Hacker News new | ask | show | jobs
by Zinu 999 days ago
The example at the end made me wonder if Apple's model is actually better than GPT2 for text prediction. It generated garbage, but all that garbage made somewhat sense in the context of only the word "Today".

Whereas GPT2 hallucinated random stuff about the US government. A text prediction model should predict what the user wanted to type, so if you evaluate the models based on that, GPT2 actually performed horribly, since the user showed zero intent in talking about the US.

5 comments

The example at the end sounds just like the predictions you get from normal phone keyboards in the last couple of years, which presumably don't use a modern GPT-style language model. A bit disappointing.
Seriously disappointing. I was expecting that it would not produce total gibberish. It acts like it's a Markov chain, and only considers the last 1-2 words. Identical to the currently-shipping thing that we've had for the past however-many years.
People trying to draw this comparison proves making good products is harder than it seems...

The default goal everyone is assuming is spitting out the longest correct sequence possible.

But in reality the mental cost of a wildly wrong prediction is much higher than the mental cost of a slightly wrong one, so what you'd train the model for is sequences of a few words at most being with higher confidence.

Most people can/will tune out slightly wrong words especially as they get a feel for what autocorrect is good and bad at.

If you unleash the full range of tokens GPT 2 can normally output, you'll constantly be blasting out words they didn't expect.

The fact your long sequence prediction got better doesn't matter because the UI is autocomplete not "auto-write": they're still expecting to drive, and a smart but noisy copilot is worse than a dumb but lazy one in that case.

I wouldn't be surprised if they trained the model to an effective context window of just a few hundred tokens with that in mind

This comment is the summary of the difference between human driven design and technology driven design.

Too many people are focused on technology for technology’s sake.

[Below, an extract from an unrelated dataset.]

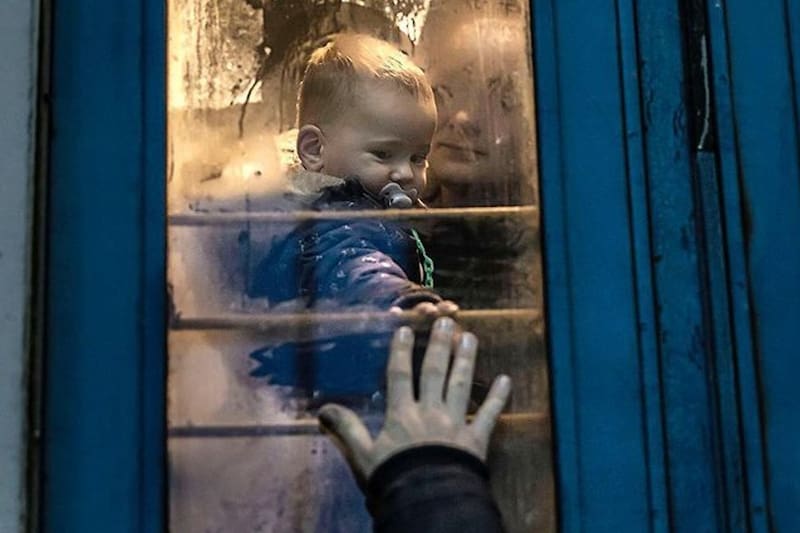 Hansen publicó en su perfil de Instagram la foto de su autoría y ha explicado la historia detrás de la imagen: El padre del bebé que aparece en la foto se tiene que quedar en Ucrania, ya que los hombres entre 18 y 60 años tienen prohibido huir del país. Por esto, los trenes y coches que salen del país los ocupan mayormente mujeres y niños.

GPT-2 saw "today," and thought "this must be news copy" and generated more news copy. Given a few more words, it could have narrowed down the context. The Apple suggestions aren't even grammatically correct, seemingly no different from the shallow statistical completion we've already had for years, so it's weird that they branded it in lofty AI terms
Autocorrect doesn't suggest whole sentences so it is irrelevant if the remaining sentence is gibberish or not.
Or it could be the contrary. The new feature doesn't suggest whole sentences because the model they are using produces gibberish. It is quite possible that if the model was better then the would allow it to suggest longer phrases.
Maybe it should though, given we have the power to do so (at least, with just a lil more power)
I suspect someone (Craig even) was under some pressure from The Board to have >0 references to generative-AI in their presentation this year since every single company (even non-software) is now expected by Wall St to "be doing some AI". Even though Apple is at the top of the heap with ML in photography and many other domains, without some kind of LLM the tech news narrative will be "Apple is years behind".
Yes but it also looks no better than the existing autocomplete they have, in which case why use a battery-draining midLM?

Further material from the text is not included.